Ainsi, le concept de « rhétorique procédurale » peut être « compris comme l’art de souligner et

d’exprimer des idées par des procédures » (ibid., p.104). Les jeux vidéo seraient, selon Bogost,

adaptés à la « rhétorique procédurale » car « élaborés comme expressions » (Bogost, 2007, p.47) contrairement aux autres logiciels informatiques à l’instar des applications utilitaires notamment. Nous pouvons cependant nous interroger sur une telle affirmation lorsque l’on se réfère à des applications utilitaires dites gamifiées comme l’exemple de Foursquare que nous avons évoqué précédemment (cf. 4.3.).
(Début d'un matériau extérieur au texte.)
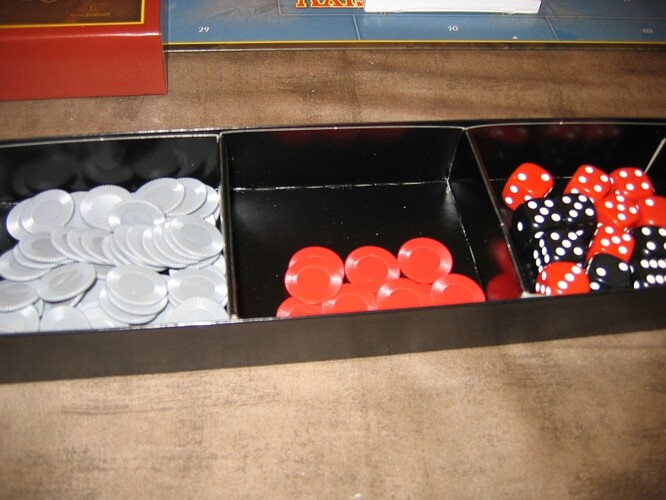 La boite jetons + dés.

Avec l’approche de « rhétorique procédurale », nous retrouvons donc une approche basée sur des Mechanics. Cependant, il nous faut nous rappeler le débat entre narratologues et ludologues que nous avons évoqué par l’intermédiaire de Triclot précédemment (cf. 1.8.). De ce fait, si Bogost présente son approche de rhétorique procédurale, il convient de se rappeler qu’il était plutôt dans le camp des ludologues. Nous pouvons donc élargir notre exploration en prenant en compte les approches narratives qui ne sont pas nécessairement portées par des règles, si l’on pense par exemple aux cinématiques que l’on retrouve dans certains titres vidéoludiques. Cela convoque donc la composante « Theme » si l’on se réfère aux ingrédients de gameplay de Brathwaite et Schreiber ou de manière plus large à la composante fictionnelle reliée au concept d’ethos ludique subjectif de Genvo.